A library for performing *Content-Defined Chunking* (CDC) on data streams.
Implemented using generic iterators, very easy to use.

## Example

```rust
  let reader: BufReader<File> = BufReader::new(file);
  let byte_iter = reader.bytes().map(|b| b.unwrap());

  // Finds and iterates on the separators.
  for separator in SeparatorIter::new(byte_iter) {
    println!("Index: {}, hash: {:016x}", separator.index, separator.hash);
  }
```

Each module is documented via an example which you can find in the `examples/`
folder.

To run them, use a command like:

```console
cargo run --example separator --release
```

**Note:** Some examples are looking for a file named `myLargeFile.bin` which I
didn't upload to Github.
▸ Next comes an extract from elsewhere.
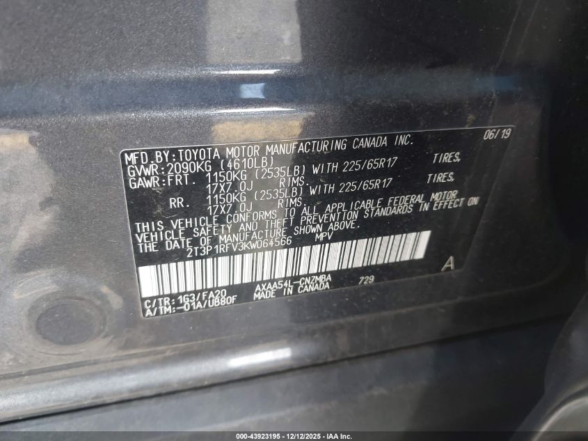 2019 TOYOTA RAV4 2019 року Бензин, 2.5, Полный привод, vin - 2T3P1RFV3KW064566 из США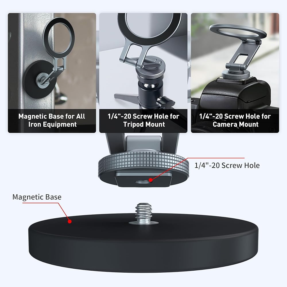 Flexible Use: With magnetic dock, the MagSafe tripod adapter can also be attached to gym equipment, allowing you to easily enjoy music or record videos. Or place it on your desk to make video calls and watch videos

Please use your own files for testing.

## What's in the crate

From low level to high level:

- A `RollingHash64` trait, for rolling hash with a 64 bits hash value.

- `Rabin64`, an implementation of the Rabin Fingerprint rolling hash with a 64
  bits hash value.

- `Separator`, a struct which describes a place in a data stream identified as a
  separator.

- `SeparatorIter`, an adaptor which takes an `Iterator<Item=u8>` as input and
  which enumerates all the separators found.
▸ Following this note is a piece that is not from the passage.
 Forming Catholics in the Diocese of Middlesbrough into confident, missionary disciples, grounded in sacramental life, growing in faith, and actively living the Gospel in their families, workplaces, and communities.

- `Chunk`, a struct which describes a piece of the data stream (index and size).

- `ChunkIter`, an adaptor which takes an `Iterator<Item=Separator>` as input and
  which enumerates chunks.

## Implementation details

- The library is not cutting any files, it only provides information on how to
  do it.

- You can change the default window size used by `Rabin64`, and how the
  `SeparatorIter` is choosing the separator.

- The design of this crate may be subject to changes sometime in the future. I
  am waiting for some features of `Rust` to mature up, specially the
  [`impl Trait`]https://github.com/rust-lang/rust/issues/34511 feature.

## Performance

There is a **huge** difference between the debug build and the release build in
terms of performance. Remember that when you test the lib, use
`cargo run --release`.

I may try to improve the performance of the lib at some point, but for now it is
good enough for most usages.

## Credits

This project is based on the awesome [cdc](https://crates.io/crates/cdc) crate
by Vincent Cantin.

## License

Coded with ❤️ , licensed under the terms of the [MIT license](./LICENSE).